In the material below, find the line with "Sunnen VSS-286 with" and the line with "ご登壇いただいたのはいずれも", then output both and every line between them exactly, omitting pictures.

=== DATA FOR THE TASK ===

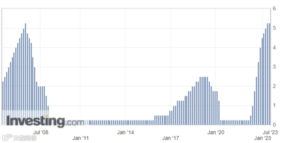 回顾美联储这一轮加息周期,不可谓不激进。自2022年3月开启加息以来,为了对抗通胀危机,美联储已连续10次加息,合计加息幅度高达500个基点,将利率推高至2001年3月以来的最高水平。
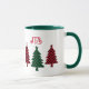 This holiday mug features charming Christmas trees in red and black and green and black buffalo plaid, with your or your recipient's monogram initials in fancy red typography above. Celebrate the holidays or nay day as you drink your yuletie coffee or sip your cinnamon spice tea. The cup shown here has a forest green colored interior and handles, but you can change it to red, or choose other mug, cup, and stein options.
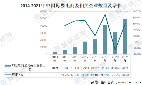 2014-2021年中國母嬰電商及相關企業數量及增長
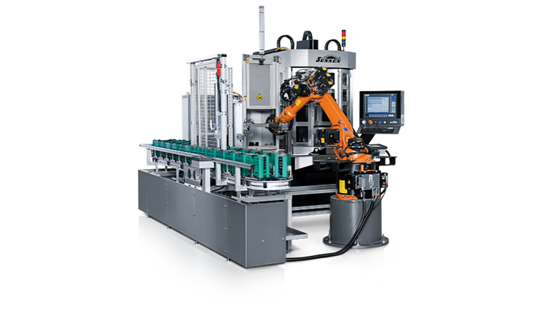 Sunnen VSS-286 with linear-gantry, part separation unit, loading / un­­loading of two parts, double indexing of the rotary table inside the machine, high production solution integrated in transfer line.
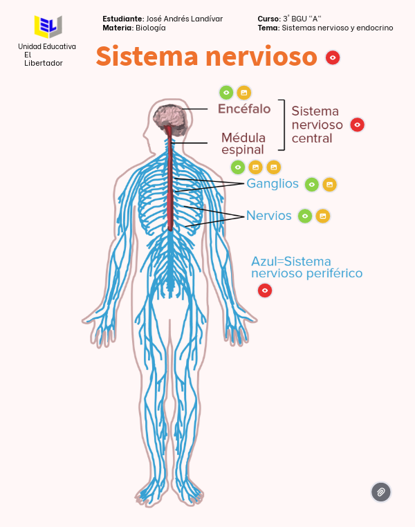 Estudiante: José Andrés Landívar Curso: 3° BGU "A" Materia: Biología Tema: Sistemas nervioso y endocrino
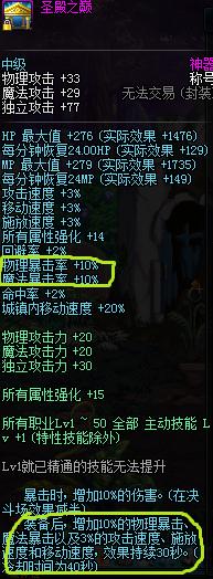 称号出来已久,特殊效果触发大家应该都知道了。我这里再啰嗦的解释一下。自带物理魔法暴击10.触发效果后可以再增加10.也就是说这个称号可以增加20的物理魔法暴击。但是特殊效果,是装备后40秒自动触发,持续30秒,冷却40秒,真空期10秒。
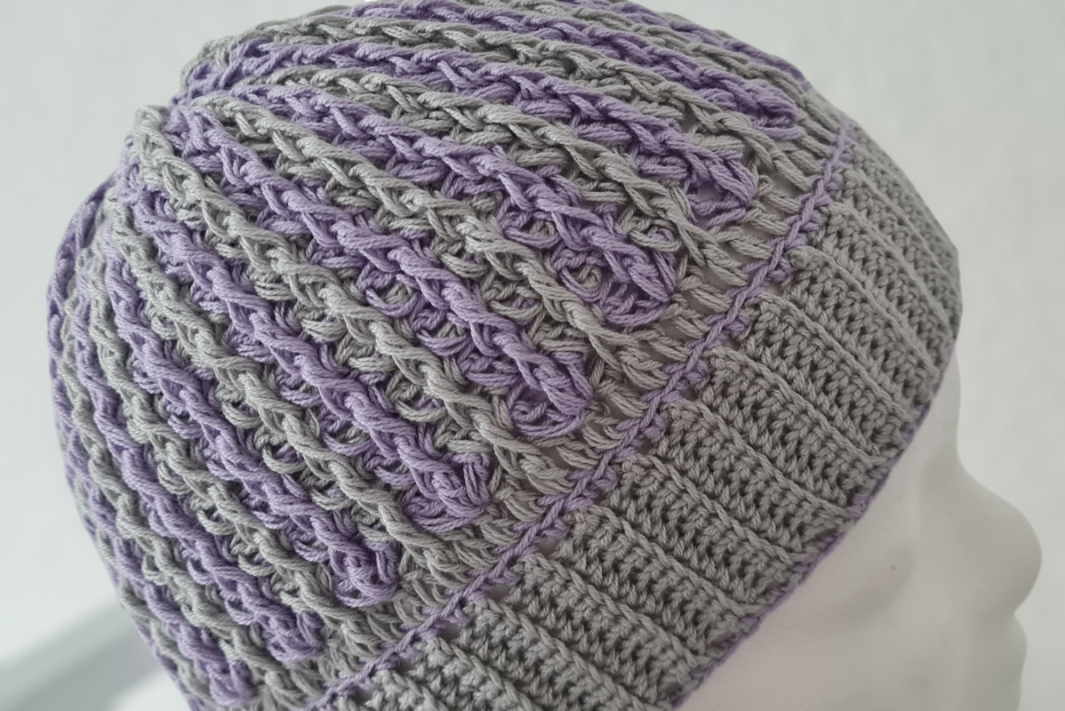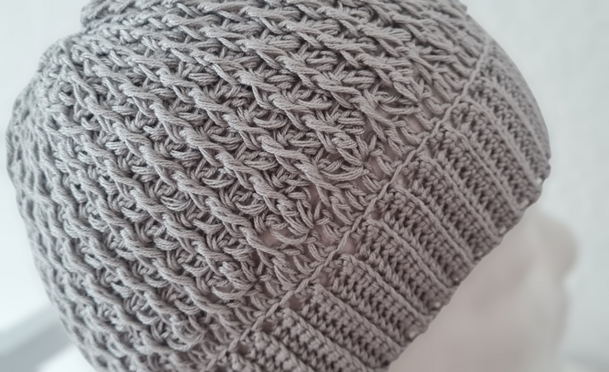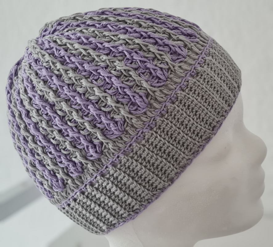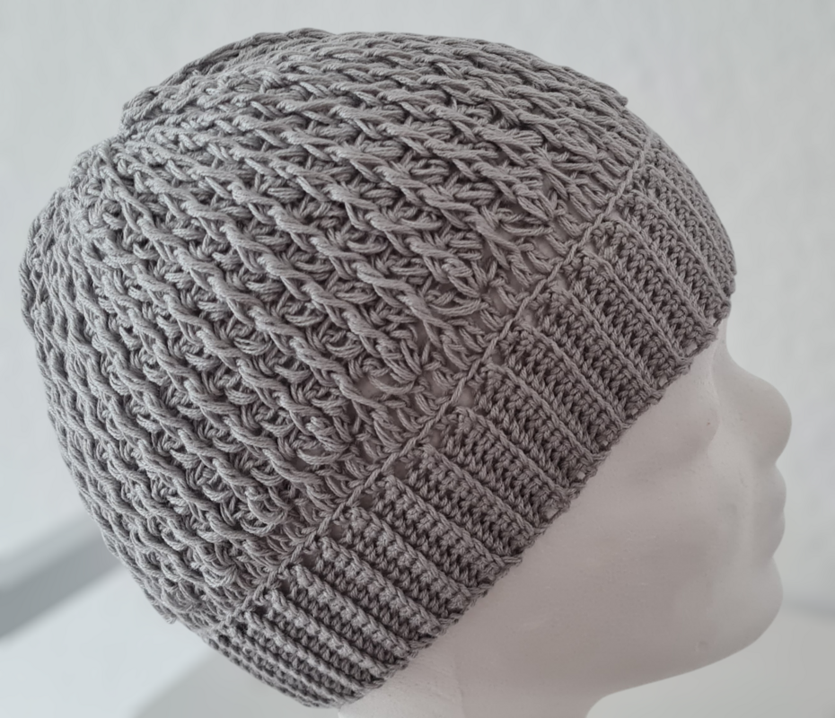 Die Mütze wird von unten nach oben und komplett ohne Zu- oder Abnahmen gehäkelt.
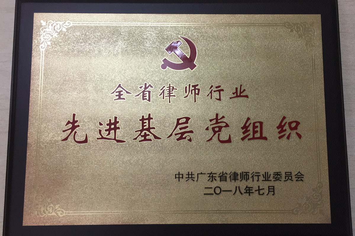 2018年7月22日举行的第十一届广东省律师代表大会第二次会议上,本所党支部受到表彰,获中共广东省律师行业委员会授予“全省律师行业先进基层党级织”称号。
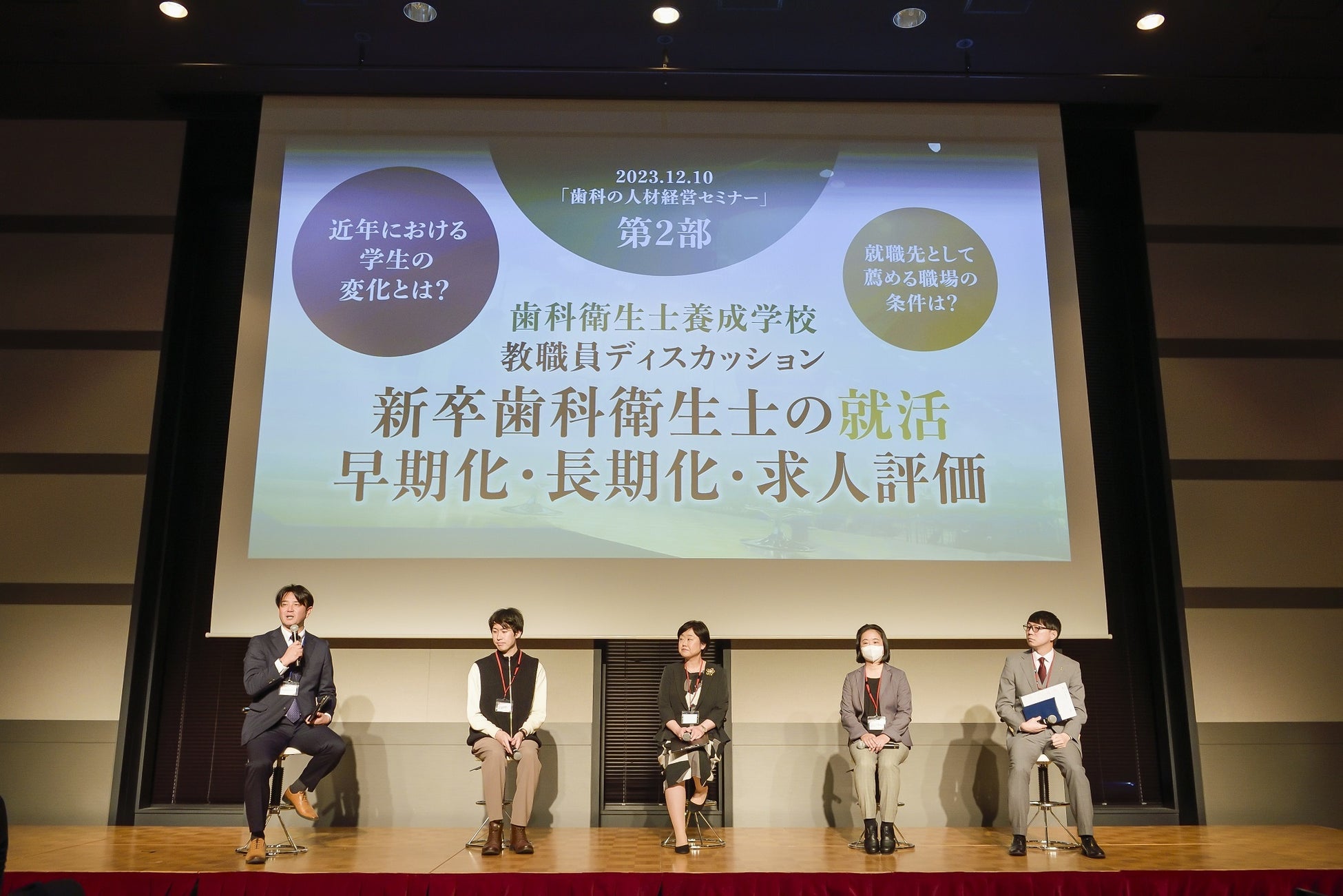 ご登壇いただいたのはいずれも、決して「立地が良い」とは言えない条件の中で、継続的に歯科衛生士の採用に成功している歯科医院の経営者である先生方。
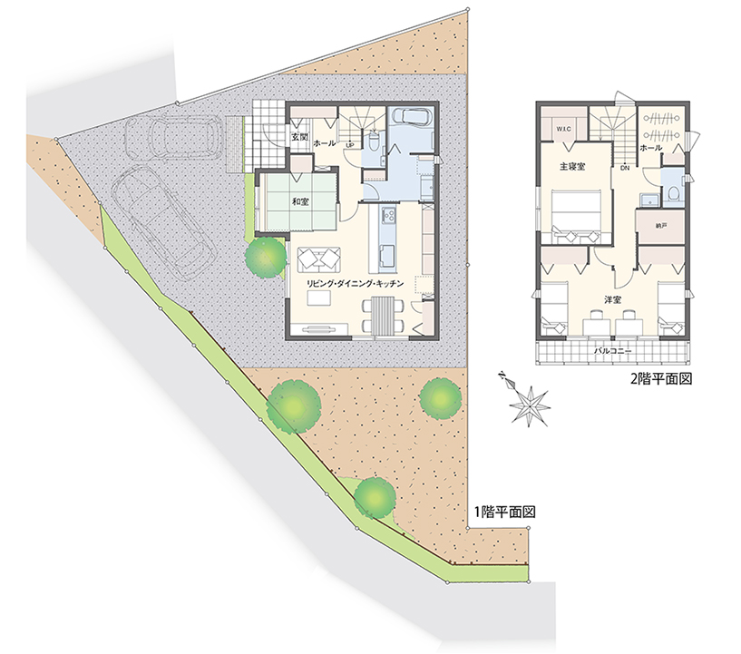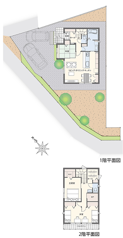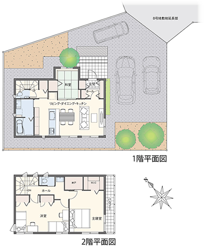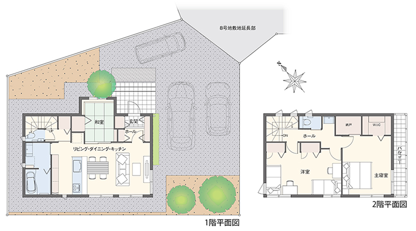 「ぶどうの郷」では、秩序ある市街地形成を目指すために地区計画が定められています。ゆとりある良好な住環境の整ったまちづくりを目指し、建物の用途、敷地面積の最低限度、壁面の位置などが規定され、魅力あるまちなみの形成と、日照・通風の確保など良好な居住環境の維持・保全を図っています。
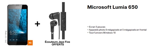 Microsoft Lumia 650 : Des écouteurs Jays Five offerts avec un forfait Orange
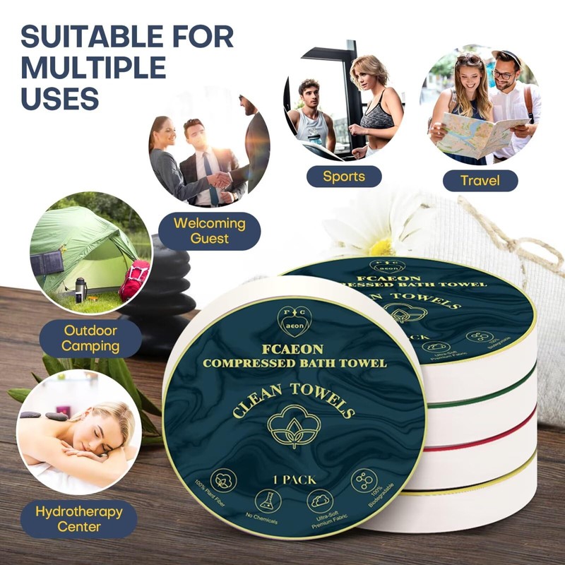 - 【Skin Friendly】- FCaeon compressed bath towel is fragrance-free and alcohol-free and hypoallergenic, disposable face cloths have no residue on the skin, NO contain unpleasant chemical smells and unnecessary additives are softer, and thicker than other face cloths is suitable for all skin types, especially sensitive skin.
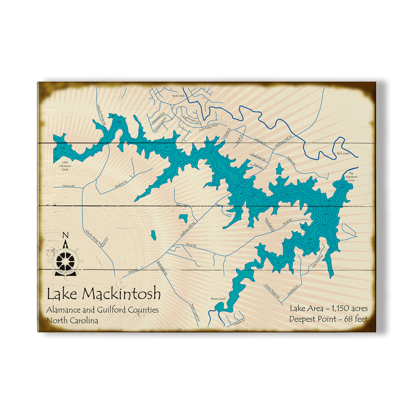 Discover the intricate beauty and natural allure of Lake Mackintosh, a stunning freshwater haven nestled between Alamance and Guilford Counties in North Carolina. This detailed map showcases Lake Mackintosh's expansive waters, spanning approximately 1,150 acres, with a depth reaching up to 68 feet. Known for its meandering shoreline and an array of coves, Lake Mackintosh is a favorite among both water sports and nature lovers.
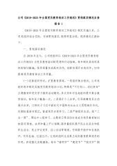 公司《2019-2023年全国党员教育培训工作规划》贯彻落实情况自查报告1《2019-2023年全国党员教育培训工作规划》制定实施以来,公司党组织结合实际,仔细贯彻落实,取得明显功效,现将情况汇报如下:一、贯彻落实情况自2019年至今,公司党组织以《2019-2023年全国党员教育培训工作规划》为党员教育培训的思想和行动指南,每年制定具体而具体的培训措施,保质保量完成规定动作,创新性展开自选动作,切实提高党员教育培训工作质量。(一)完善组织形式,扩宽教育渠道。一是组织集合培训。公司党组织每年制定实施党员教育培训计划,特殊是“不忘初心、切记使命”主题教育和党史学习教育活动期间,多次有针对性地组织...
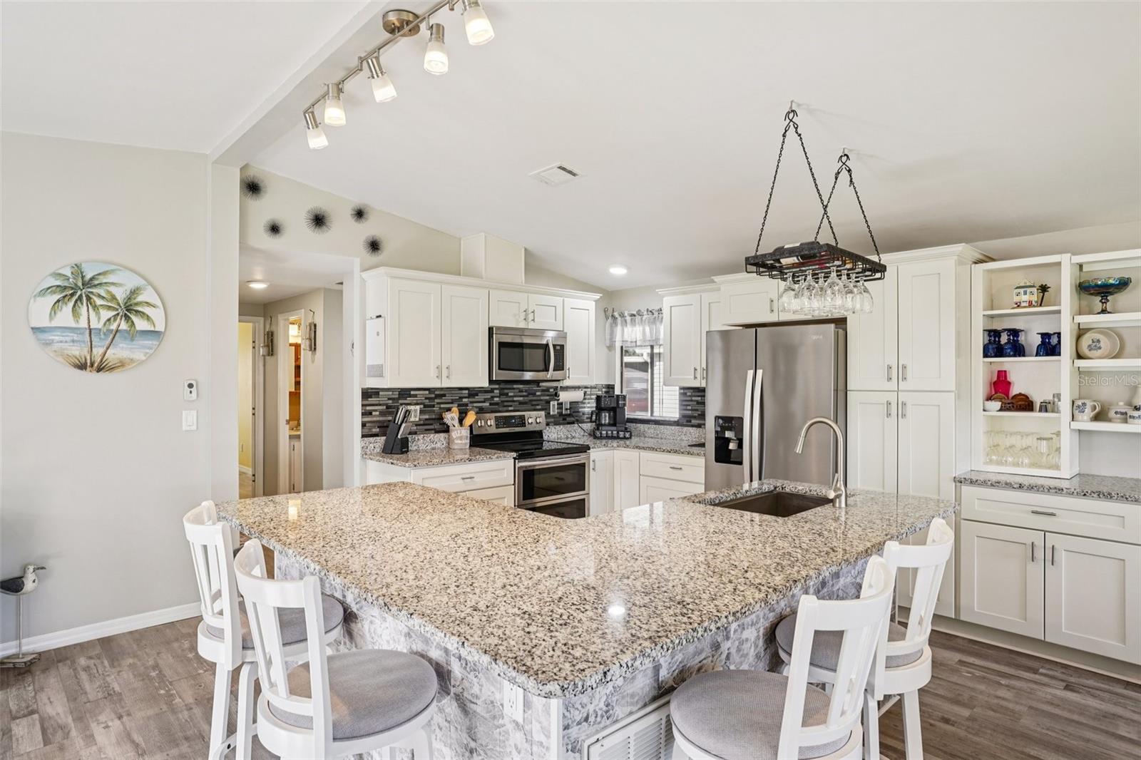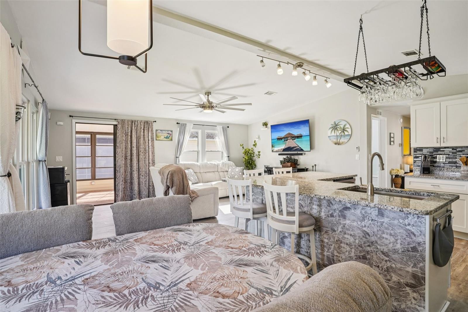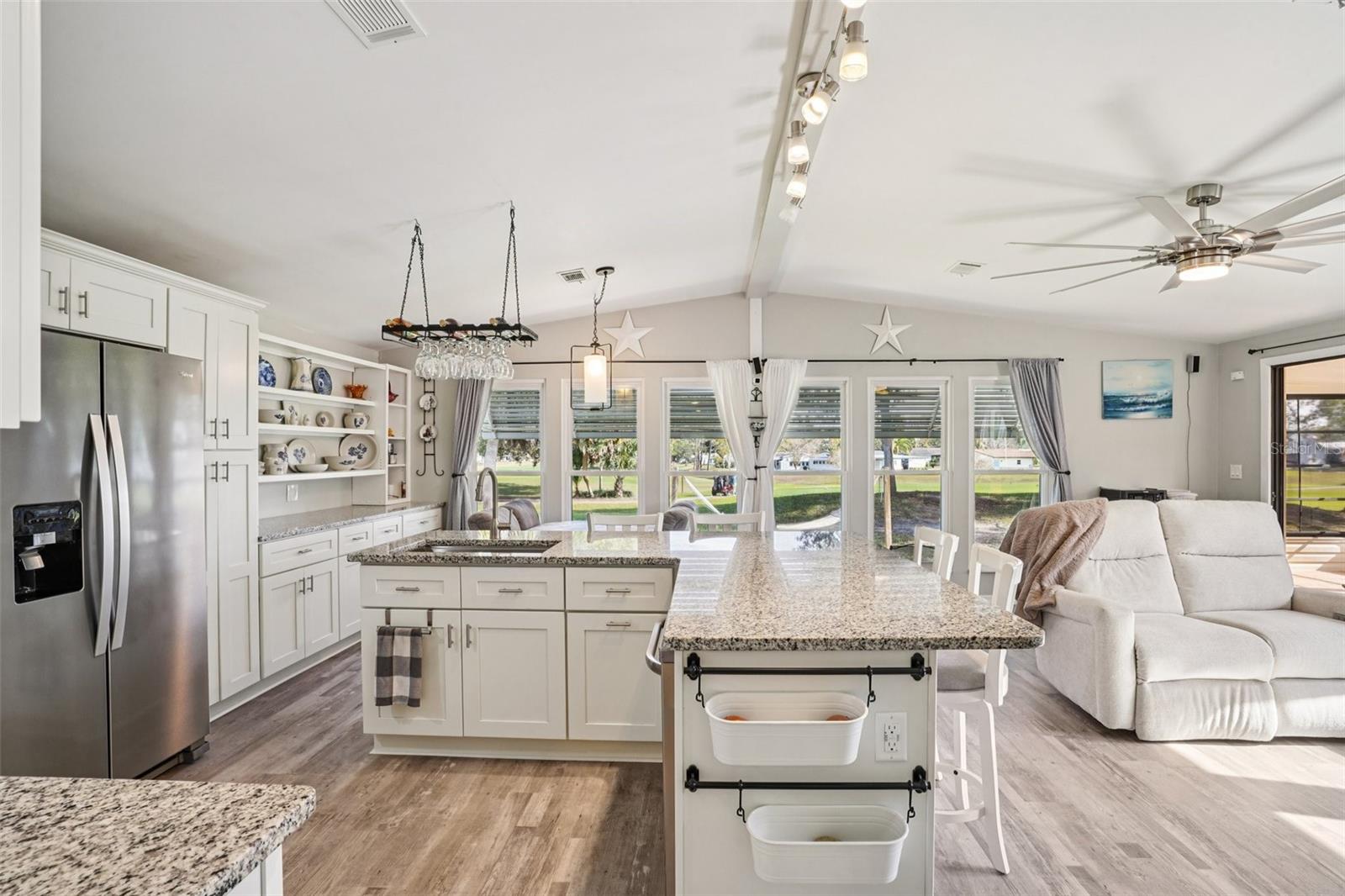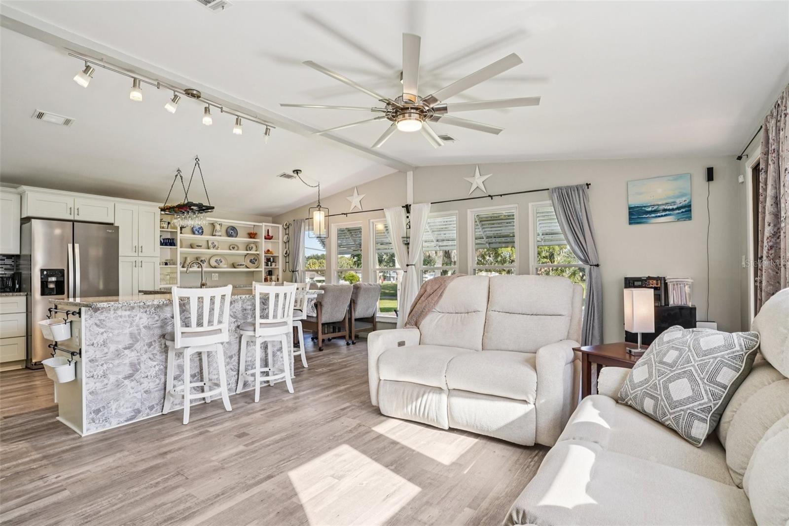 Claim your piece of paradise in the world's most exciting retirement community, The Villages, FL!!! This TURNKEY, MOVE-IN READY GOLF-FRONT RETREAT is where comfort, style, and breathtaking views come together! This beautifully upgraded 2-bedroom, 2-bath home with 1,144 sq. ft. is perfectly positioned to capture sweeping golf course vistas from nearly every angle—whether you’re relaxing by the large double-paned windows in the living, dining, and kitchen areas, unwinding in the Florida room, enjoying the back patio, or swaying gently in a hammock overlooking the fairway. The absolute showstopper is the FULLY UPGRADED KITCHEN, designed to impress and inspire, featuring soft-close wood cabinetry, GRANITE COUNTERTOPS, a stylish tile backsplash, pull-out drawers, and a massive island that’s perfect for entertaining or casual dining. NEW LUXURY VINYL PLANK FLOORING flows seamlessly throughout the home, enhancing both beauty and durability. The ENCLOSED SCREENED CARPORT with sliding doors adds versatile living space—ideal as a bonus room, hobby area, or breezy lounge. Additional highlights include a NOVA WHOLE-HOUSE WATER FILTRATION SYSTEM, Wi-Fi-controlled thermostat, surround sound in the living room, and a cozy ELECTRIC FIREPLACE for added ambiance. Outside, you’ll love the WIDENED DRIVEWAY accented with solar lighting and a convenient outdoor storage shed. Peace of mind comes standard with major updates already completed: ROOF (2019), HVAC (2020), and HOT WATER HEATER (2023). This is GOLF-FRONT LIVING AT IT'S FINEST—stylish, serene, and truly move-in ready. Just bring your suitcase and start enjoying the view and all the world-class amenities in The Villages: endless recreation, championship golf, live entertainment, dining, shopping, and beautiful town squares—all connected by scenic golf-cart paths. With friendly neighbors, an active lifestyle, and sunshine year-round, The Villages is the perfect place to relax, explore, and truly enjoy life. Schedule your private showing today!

===

RESPONSE AREA:
 Sunnen VSS-286 with linear-gantry, part separation unit, loading / un­­loading of two parts, double indexing of the rotary table inside the machine, high production solution integrated in transfer line.
 Estudiante: José Andrés Landívar Curso: 3° BGU "A" Materia: Biología Tema: Sistemas nervioso y endocrino
 称号出来已久,特殊效果触发大家应该都知道了。我这里再啰嗦的解释一下。自带物理魔法暴击10.触发效果后可以再增加10.也就是说这个称号可以增加20的物理魔法暴击。但是特殊效果,是装备后40秒自动触发,持续30秒,冷却40秒,真空期10秒。
 Die Mütze wird von unten nach oben und komplett ohne Zu- oder Abnahmen gehäkelt.
 2018年7月22日举行的第十一届广东省律师代表大会第二次会议上,本所党支部受到表彰,获中共广东省律师行业委员会授予“全省律师行业先进基层党级织”称号。
 ご登壇いただいたのはいずれも、決して「立地が良い」とは言えない条件の中で、継続的に歯科衛生士の採用に成功している歯科医院の経営者である先生方。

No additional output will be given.